Валькирии. Женщины в мире викингов — страница 43 из 49

[483]. Рассказчик недвусмысленно дает нам понять, что лишь правильный обряд захоронения способен избавить живых от неуместных домогательств со стороны мертвых.

Сигрид как бы меняется ролями с Торгунной из «Саги о людях с Песчаного берега», но если последняя страстно желала молодого человека при жизни, то первая до смерти не демонстрировала ничего, кроме образцового христианского благочестия. Что касается Торгунны, то после того как она подхватывает странную болезнь, ее последняя воля звучит следующим образом: «Я завещаю отвезти мое тело к Палатному Холму, когда я умру от этой болезни: есть у меня предчувствие, что место это спустя какое-то время станет в здешней стране самым почитаемым». Когда, согласно завещанию, ее тело перевозят к месту назначения, она напоследок воскресает из мертвых. Но делает она это лишь для того, чтобы приготовить еду и накормить носильщиков[484]. Этот странный пример призван еще раз подчеркнуть важность христианского захоронения. Вероятно, связанные с этим страхи коренятся в верованиях скандинавов, согласно которым необходимо предпринимать особые меры, чтобы покойники не возвращались в мир живых. К числу таких мер, предположительно, относится и возведение ритуальных камней, которые по факту были огромными валунами, придавливавшими землю[485].

В «Саге о людях из Лососьей долины» молодую женщину во сне посещает вёльва, которая жалуется ей на то, что над ее пристанищем построили церковь. Ей не нравится, что в этом храме горюет набожная Гудрун: «Она все ночи лежит распростертая надо мной и проливает такие жгучие капли, что я от них сгораю». Кости пророчицы тут же выкопали и «унесли прочь, в такое место, где всего меньше бывали люди». Тем временем сама постаревшая Гудрун вспоминает свою жизнь и признается сыну: «Тому принесла я величайшее горе, кого я любила больше всех»[486]. Хотя и принято считать, что речь в этих словах идет о Кьяртане, читатель волен сам решать, кого имеет в виду Гудрун. Она заканчивает свою жизнь благочестивой отшельницей, и мы можем предполагать, что она примирилась с ошибками прошлого. После смерти Гудрун была похоронена в Хельгафелле: туристам и в наши дни могут посетить ее могилу.
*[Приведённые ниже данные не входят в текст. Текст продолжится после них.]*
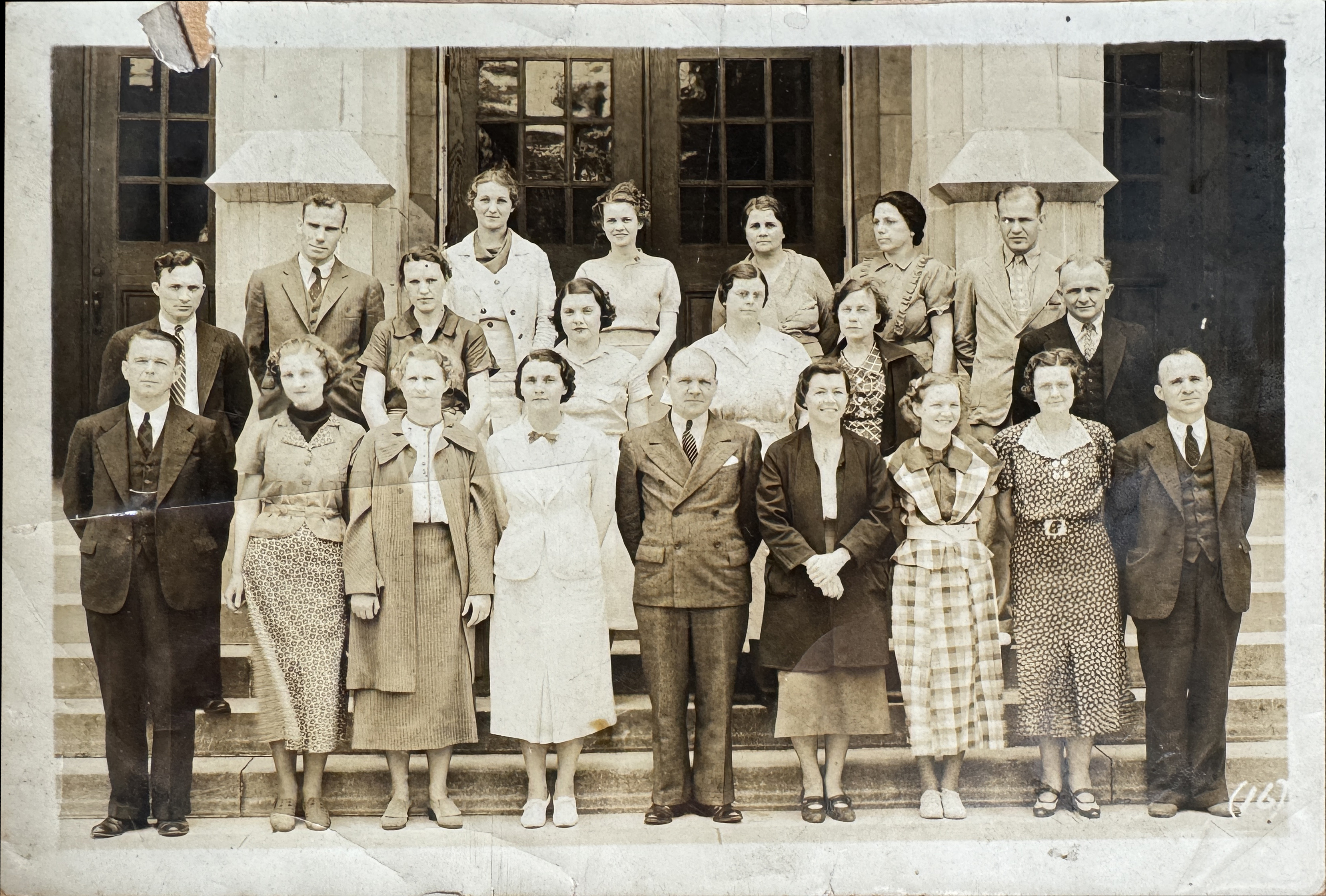 - Original photograph of the Greer High School faculty for 1933-34, showing 21 men and women standing on the front steps of the Davenport High School building. The photo is glued to a sheet of heavy paper, which appears to have originally been in a memory album. A handwritten inscription on the paper under the photo reads "Greer High Faculty — Davenport Hi — 1933-34.

Гудрун в образе печальной старухи – полная противоположность Унн, которая до последнего оставалась твердой, сильной и несгибаемой. Оба персонажа воплощают собой разные типажи женщин эпохи викингов. Одна всю жизнь провела на родной земле, а другая много странствовала, но их столь отличные судьбы показывают нам, как сильно на жизнь женщина давили внешние обстоятельства. Они обе умны, харизматичны и вызывают восхищение. В их жизни были натянутые, порой крайне сложные отношения с супругами и другими мужчинами. Браки, в которые они вступали, преимущественно заключались против их воли, но при этом их дух и уверенность в собственных силах крепли день ото дня. Они обе становятся женами, матерями, а затем и вдовами, а мужья и прочие родственники – жертвами бессмысленного, жестокого насилия. В старости они стремятся сохранять достоинство, даже несмотря на немощь, болезни и копившиеся годами огорчение. Они с любовью относятся к детям и внукам, но при этом готовы решительно распоряжаться их судьбами. Это женщины, которые почти никогда не дают слабины. Как и Эстрид из Таби, они пережили обращение в другую религию. Согласно одной из версий, Унн обратилась в христианство[487]. Подобного рода метаморфозы , иллюстрирующие переход от старого уклада жизни к новому, был крайне важен для рассказчиков. Но, несмотря ни на что, любая женщина в итоге должна вступить в финальную схватку с Элли или спокойно упасть в ее объятия, в то время как память о них продолжают хранить рунические камни, курганы и письменные источники.

Заключение

В «Саге о людях из Лососьей долины» переход от язычества к христианству символизирует перенос останков вёльвы в пустынную местность. Перезахоронение – важный литературный мотив, призванный убедить читателей-христиан, вивших в XIII веке в том, что души их языческих предков будут иметь шанс на спасение. В предыдущей главе мы также упоминали два захоронения с останками женщин, которых принято считать вёльвами. Женщина из Фюрката умерла примерно в то же время, когда король Харальд I Синезубый принял христианство, а останки «Язычницы из Пила» покоятся на христианском кладбище, хотя сама она, скорее всего, в новую веру не обращалась. Можно предположить, что викинги-язычники мирно сосуществовали с христианами, что не исключает смешанных чувств, которые вызывали у них происходившие перемены. В «Саге о Ньяле» приводится виса женщины-скальда Стейнунн Рефсдоттир о нападении на христианского миссионера Тангбранда, чей корабль потерпел крушение по пути в Исландию. Поэтесса хвастливо сообщает нам, что судно было разбито усилиями Тора, и добавляет едкое замечание: «Верно, Христос позабыл / О быке обиталища рыбы»[488] . Но в этой же саге говорится и о том, что очень скоро страна приняла новую веру.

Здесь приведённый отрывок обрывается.